Last week we began to think about revival. We defined it as a sovereign visitation of God’s Holy Spirit which brings deep repentance for sin and a renewed passion for God to the church. “A revival,” wrote the 19th century minister Calvin Colton, “is a special and manifest outpouring of the Spirit of God when the work no longer labors in the hands of men but seems to be taken up by God himself” [Calvin Colton, The History and Character of American Revivals of Religion (London: F. Westley and A. H. Davis, 1832)].

We concluded that despite all the recent talk about the coming revival, we cannot know for certain when revival will come. Revival comes when God comes, and who can say when the Holy Spirit will visit the church in the fullness of his power?

The only thing we can say for certain is that we long to see the Spirit revive the church in our day, as he has in times past. Asa Nettleton (1783-1844) was a preacher during the Second Great Awakening (c. 1787-1825), and he left an eyewitness account of a meeting where revival took place. He wrote:

Did you ever witness two hundred sinners with one accord in one place weeping? The scene is beyond description… I felt as though I was standing on the verge of the eternal world; while the floor under my feet was shaken by the trembling of anxious souls in view of the judgment to come [Winkey Pratney, Revival: Its Principles and Personalities (Lafayette, PA: Huntington House, 1994)].

Or think of the “Praying Revival” of the late 1850’s. That revival began with a lunchtime prayer meeting in New York City. The first week, six people came. The next week, twenty turned out. Six months later, ten thousand businessmen were meeting for prayer. Similar meetings were held in more than a thousand towns and cities east of the Mississippi River.

Christians who lived through that great movement of God said it was as if the Spirit of God was hovering over the Eastern seaboard. According to one account,

Those on ships approaching the East Coast at times felt a solemn, holy influence even hundreds of miles from land. Revival began on one ship before it reached the coast. People on board began to feel the presence of God and a sense of their own sinfulness. The Holy Spirit convicted them and they began to pray. As the ship neared the harbor, the captain signaled, “Send a minister.” Another commercial ship arrived in port with the captain, and every member of the crew converted in the last 150 miles of the journey. Ship after ship arrived in the ports of the East Coast with the same story. Passengers and crew were suddenly convicted of their sin and turned to Christ before they reached the American coast [Wesley Duewel, Revival Fire (Grand Rapids, MI: Zondervan, 1995)].
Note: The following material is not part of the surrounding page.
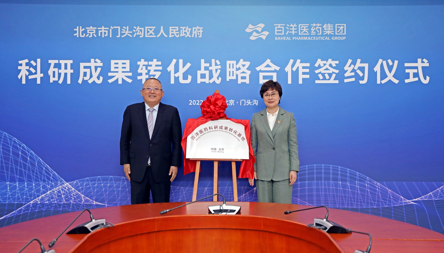 金暉、付鋼共同為“百洋醫(yī)藥科研成果轉(zhuǎn)化基地”揭牌。

What Christian does not long to experience such a gracious work of the Holy Spirit in his or her own lifetime? Imagine a DC-10 full of passengers sensing the presence of Almighty God and coming under the conviction of sin. Imagine them crying out to God to be saved. Then imagine the request coming over the airwaves to the air traffic controllers: “Send a minister!” Then imagine the man boarding the aircraft on the runaway in order to preach the life-saving gospel of Jesus Christ.

Or imagine what it would be like if revival came to your own congregation. Just imagine it! Imagine the church full on a weeknight, with people coming simply to pray. Imagine the leaders of the church openly confessing their sins. Imagine long-standing grudges settled in a moment through the reconciling grace of the Holy Spirit. Imagine teenagers coming forward to give their lives to Jesus Christ and to commit themselves to a lifetime of Christian service. And imagine members of the church in far distant places–missionaries, perhaps–being visited by the Spirit of God at the very same moment.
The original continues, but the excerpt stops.